━━━━━ Working data

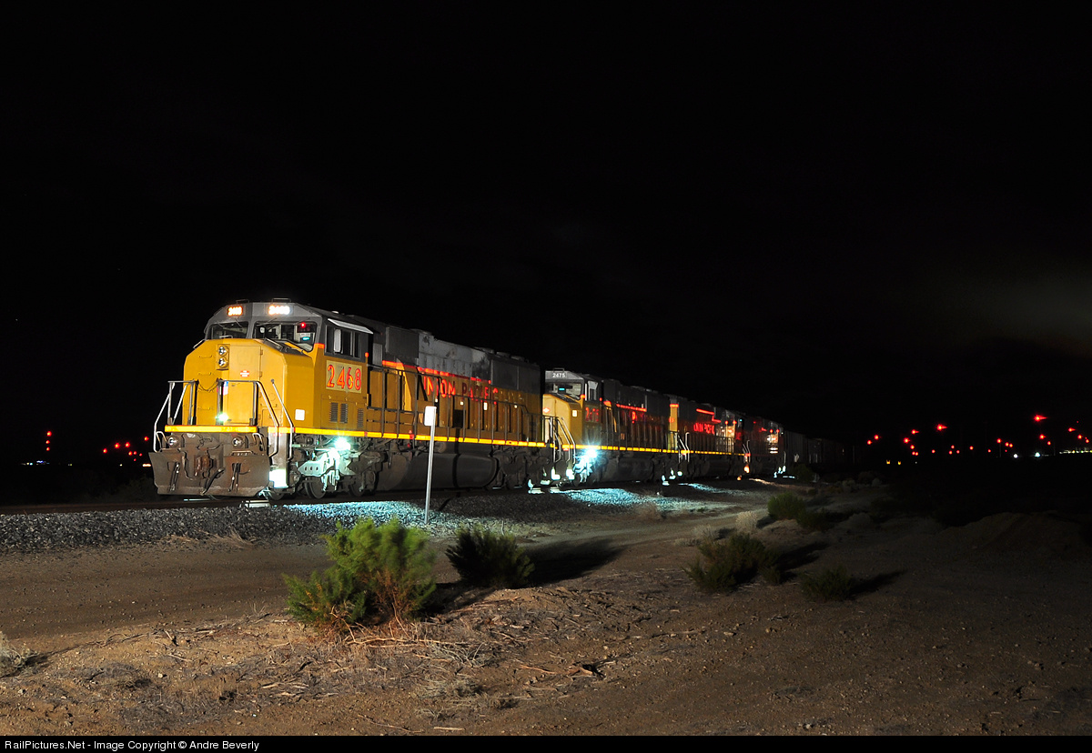 Head end of a long coal train parked outside Mojave, CA. Red lights lending a Christmas aura to the scene are from the wind turbines that surround the area. There are hundreds, and the lights all flash on and off simultaneously. It is rather eerie, actually.
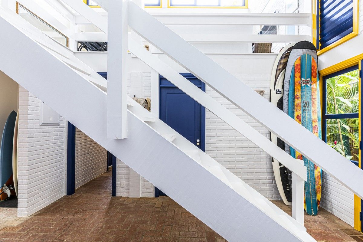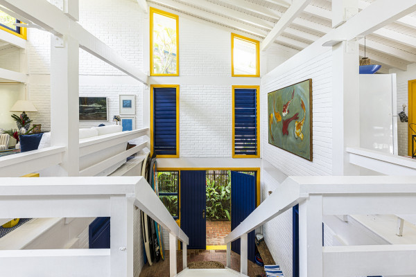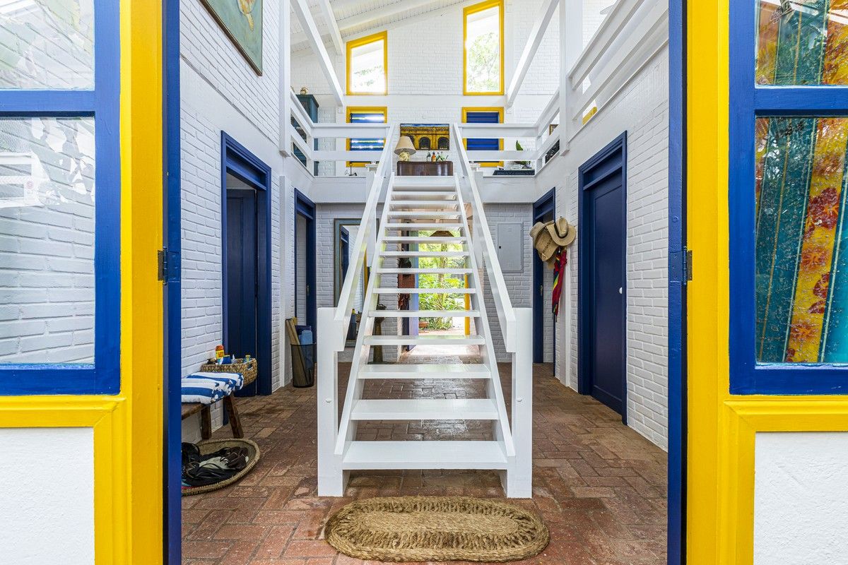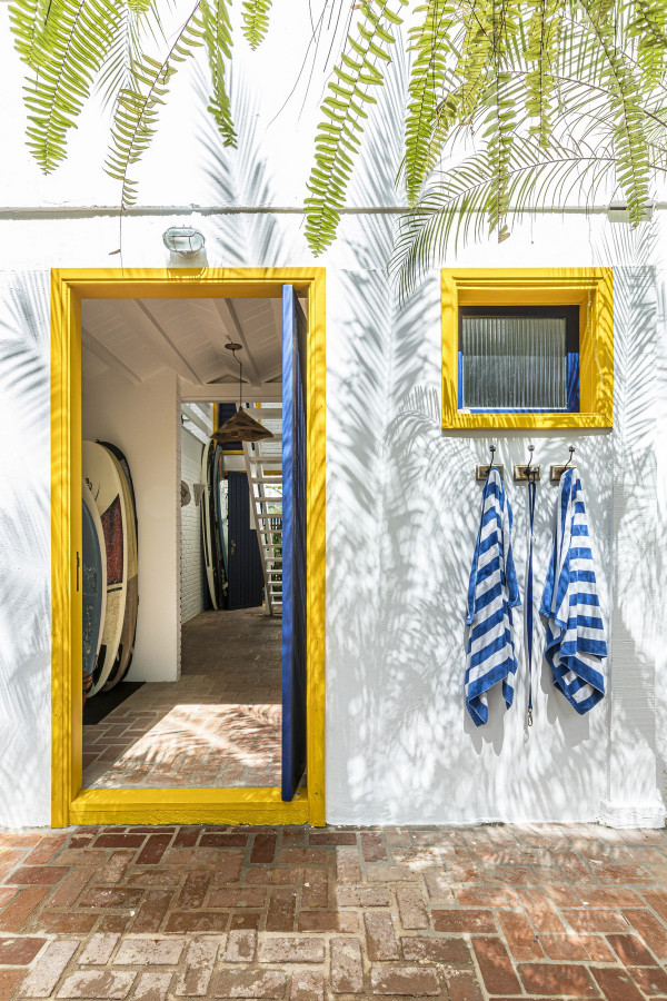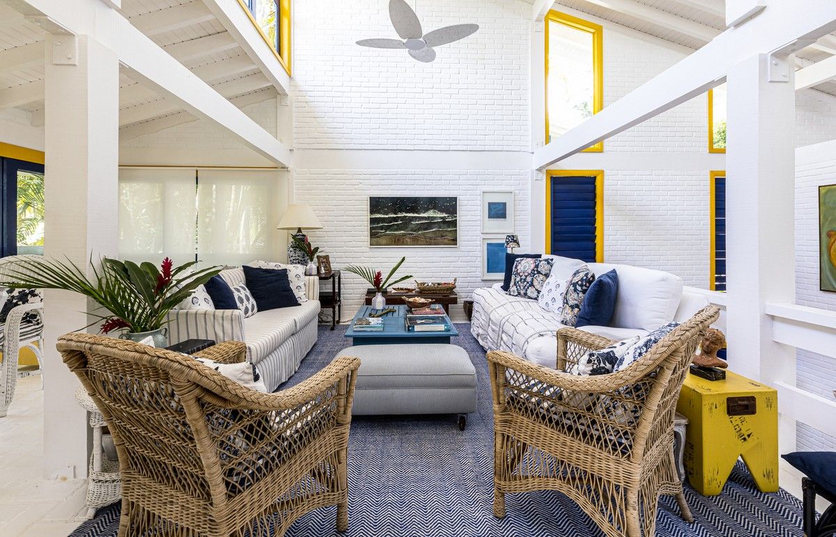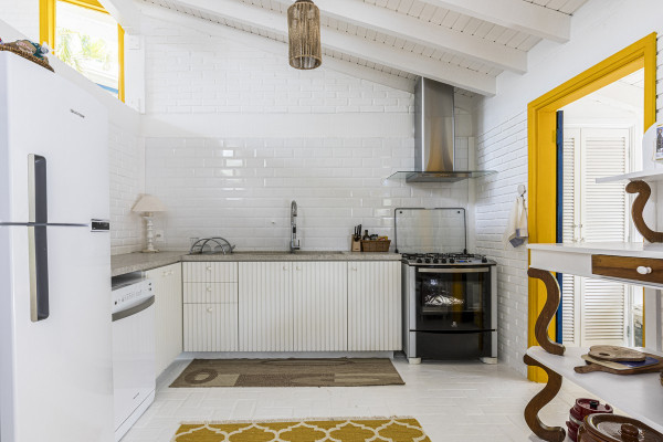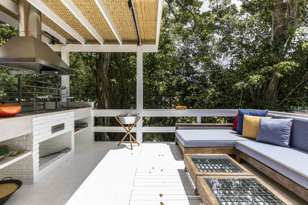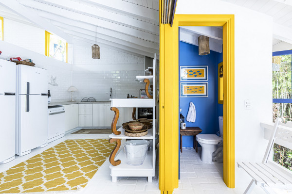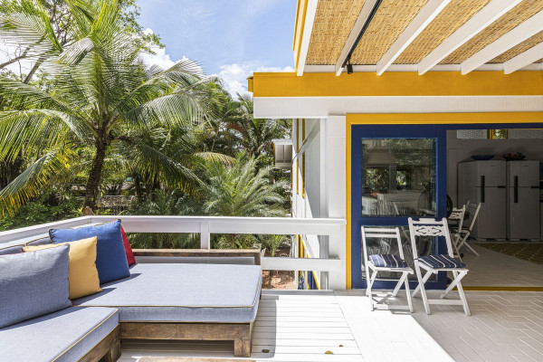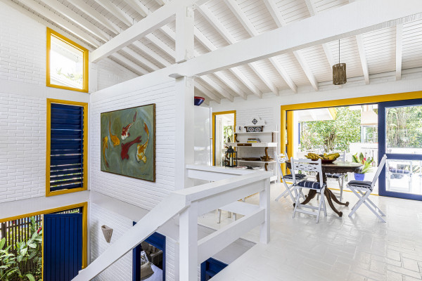 Дом был построен в 1980-х годах в небольшом кондоминиуме, состоящем всего из четырех домов, отличающихся простой архитектурой со структурой деревянных колонн, балок и кирпичных стен, большими окнами и натуральными материалами с естественной цветовой палитрой. Главной их достопримечательностью являлась роскошная природа - атлантический лес и чистое море.Новому владельцу дома помимо расширения имеющейся площади архитекторы предложили провести полную реконструкцию здания, в том числе, структурную, электрическую и гидравлическую реформу, в которой оно давно нуждалось. В результате реализации проекта появился этот необыкновенно элегантный дом с интересными дизайнерскими решениями, удобной планировкой и ярким уютным интерьером. Новые помещения, пристроенные к дому, органично связаны с оригинальным зданием и воспринимаются как часть одного архитектурного объекта общей площадью 80 квадратных метров.Верхний этаж дома занимает социальная зона открытого плана - гостиная, столовая и кухня, которая связана с большой открытой террасой, в которой оборудована летняя кухня с зоной барбекю и большая зона отдыха на свежем воздухе. На нижнем этаже находится приватная зона с 4 спальнями и индивидуальными душевыми и санузлами. Этажи дома соединены большой деревянной лестницей, расположенной в центре здания. Она выкрашена в белый цвет, что делает ее особенной нарядной. Использование жизнерадостных ярко-желтых и синих вкраплений во внешнем и внутреннем оформлении дома эффектно оживляют пространства и создают атмосферу праздника.
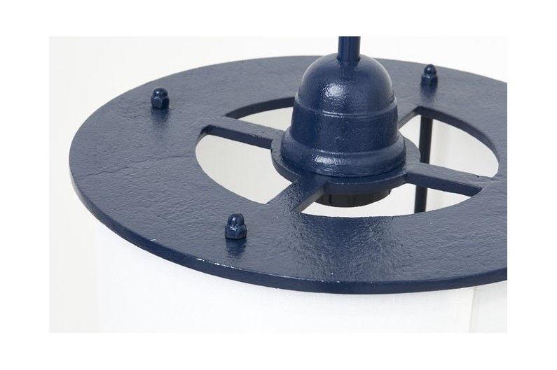 Blaue Seedekor-Lampe in veraltetem Messing mit durchleuchtendem Lampenschirm. Sie funktioniert mit 220V. Glühbirne E27.
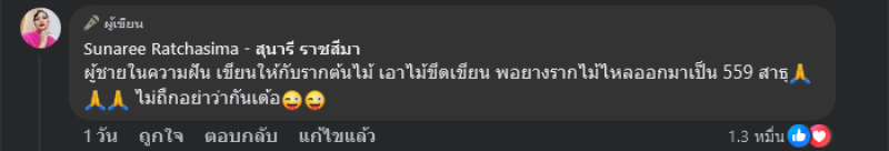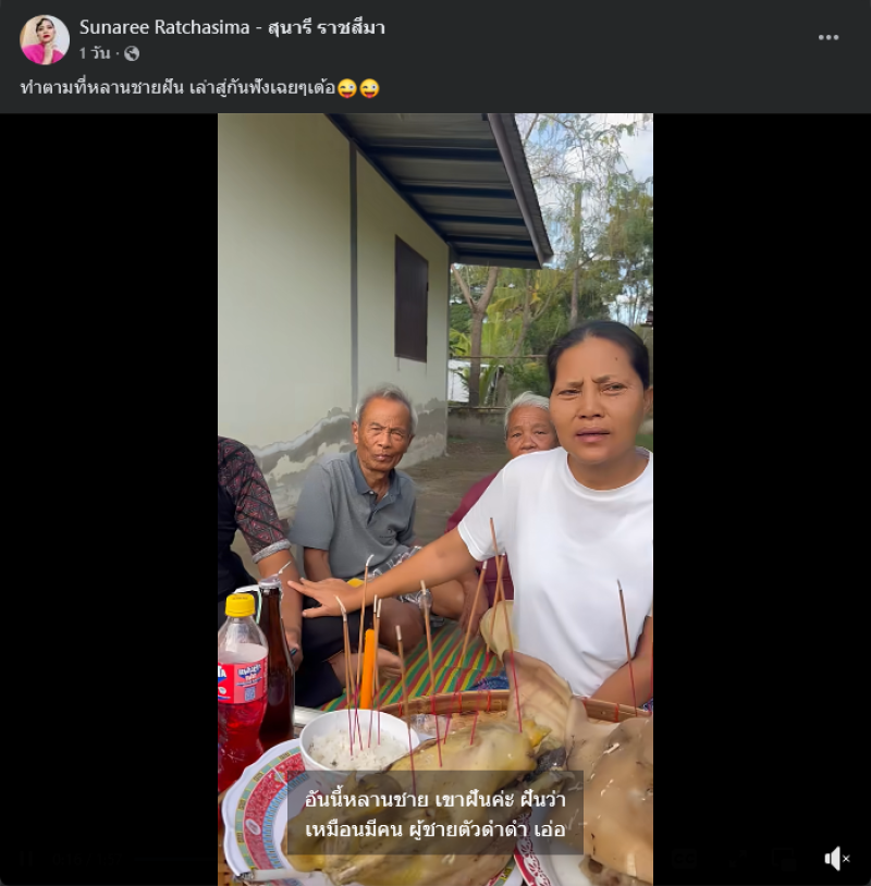 ล่าสุดสุนารี ราชสีมา ได้เล่าความฝันของหลานที่มีคนมาบอกกล่าวในฝันอยากกินหัวหมู โดยในคลิปภาพเป็นการจุดธูปเซ่นไหว้ พร้อมกับได้เขียนข้อความไว้ว่า ทำตามที่หลานชายฝัน เล่าสู่กันฟังเฉยๆ เด้อ ทั้งนี้ยังคอมเมนต์เพิ่มเติมใต้คลิปอีกว่า ผู้ชายในความฝัน เขียนให้กับรากต้นไม้ เอาไม้ขีดเขียน พอยางรากไม้ไหลออกมาเป็น 559 สาธุไม่ถืกอย่าว่ากันเด้อ
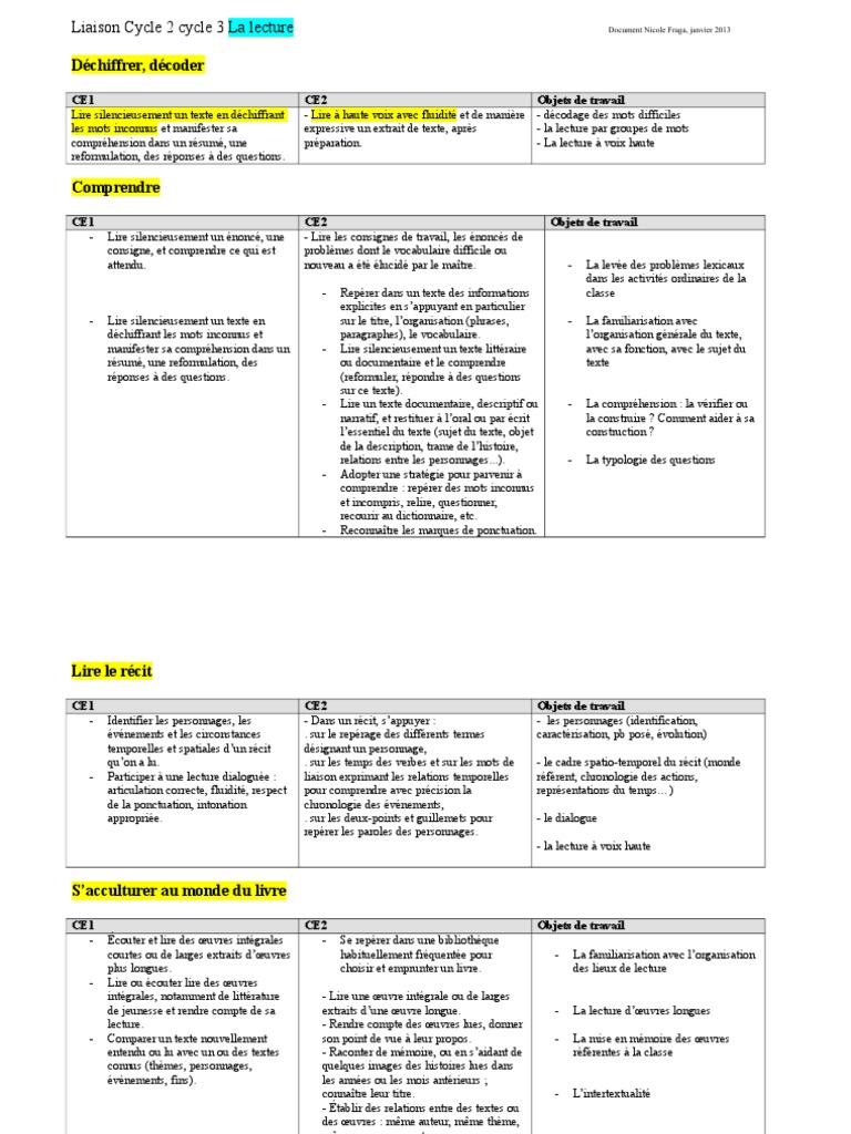 Liaison Cycle 2 Cycle 3 La Lecturedocument Nicole Fraga Mise En
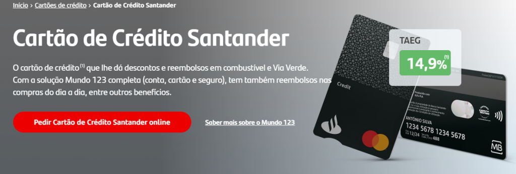 Com o cartão Santander, você tem um limite de crédito de até 10.000€. Além disso, também pode fazer compras não só em Portugal, mas também no exterior, já que ele tem a bandeira Mastercard e Cobertura Internacional.
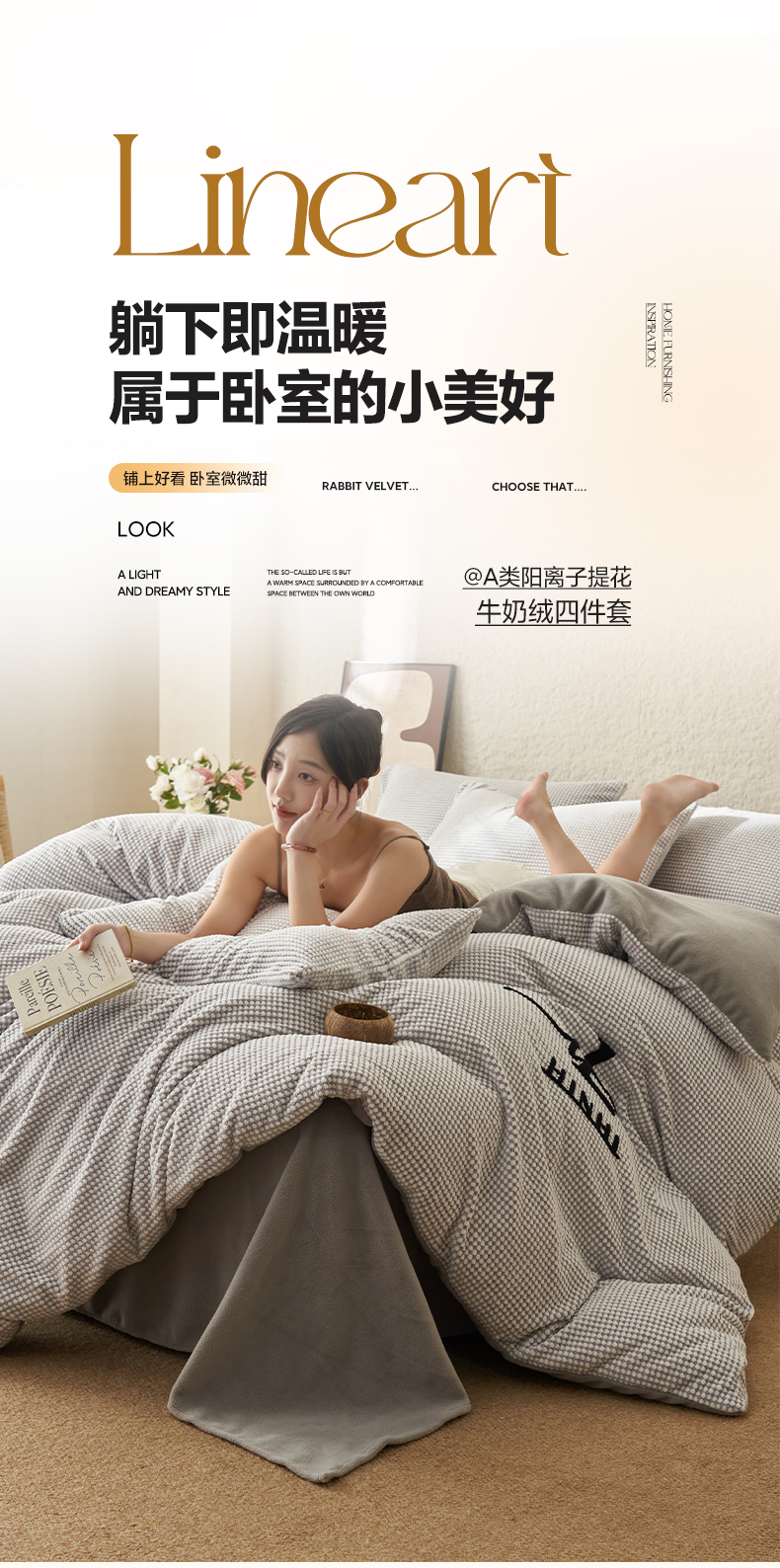 (总)早晨家纺 2025新款高克重牛奶绒烂花四件套,林影素韵,粉花眠,花眠灰,金叶漫,浅叙,圈语眠,素花漫庭,素纹,雅庭花叙,叶素,叶语灰,叶韵

━━━━━━━━━━

• _Task requirements_
Leaving every picture behind, retype the entries above exactly, from the first line through the line with "Blaue Seedekor-Lampe in", and stop there.

• _Expected answer_
 Head end of a long coal train parked outside Mojave, CA. Red lights lending a Christmas aura to the scene are from the wind turbines that surround the area. There are hundreds, and the lights all flash on and off simultaneously. It is rather eerie, actually.
 Дом был построен в 1980-х годах в небольшом кондоминиуме, состоящем всего из четырех домов, отличающихся простой архитектурой со структурой деревянных колонн, балок и кирпичных стен, большими окнами и натуральными материалами с естественной цветовой палитрой. Главной их достопримечательностью являлась роскошная природа - атлантический лес и чистое море.Новому владельцу дома помимо расширения имеющейся площади архитекторы предложили провести полную реконструкцию здания, в том числе, структурную, электрическую и гидравлическую реформу, в которой оно давно нуждалось. В результате реализации проекта появился этот необыкновенно элегантный дом с интересными дизайнерскими решениями, удобной планировкой и ярким уютным интерьером. Новые помещения, пристроенные к дому, органично связаны с оригинальным зданием и воспринимаются как часть одного архитектурного объекта общей площадью 80 квадратных метров.Верхний этаж дома занимает социальная зона открытого плана - гостиная, столовая и кухня, которая связана с большой открытой террасой, в которой оборудована летняя кухня с зоной барбекю и большая зона отдыха на свежем воздухе. На нижнем этаже находится приватная зона с 4 спальнями и индивидуальными душевыми и санузлами. Этажи дома соединены большой деревянной лестницей, расположенной в центре здания. Она выкрашена в белый цвет, что делает ее особенной нарядной. Использование жизнерадостных ярко-желтых и синих вкраплений во внешнем и внутреннем оформлении дома эффектно оживляют пространства и создают атмосферу праздника.
 Blaue Seedekor-Lampe in veraltetem Messing mit durchleuchtendem Lampenschirm. Sie funktioniert mit 220V. Glühbirne E27.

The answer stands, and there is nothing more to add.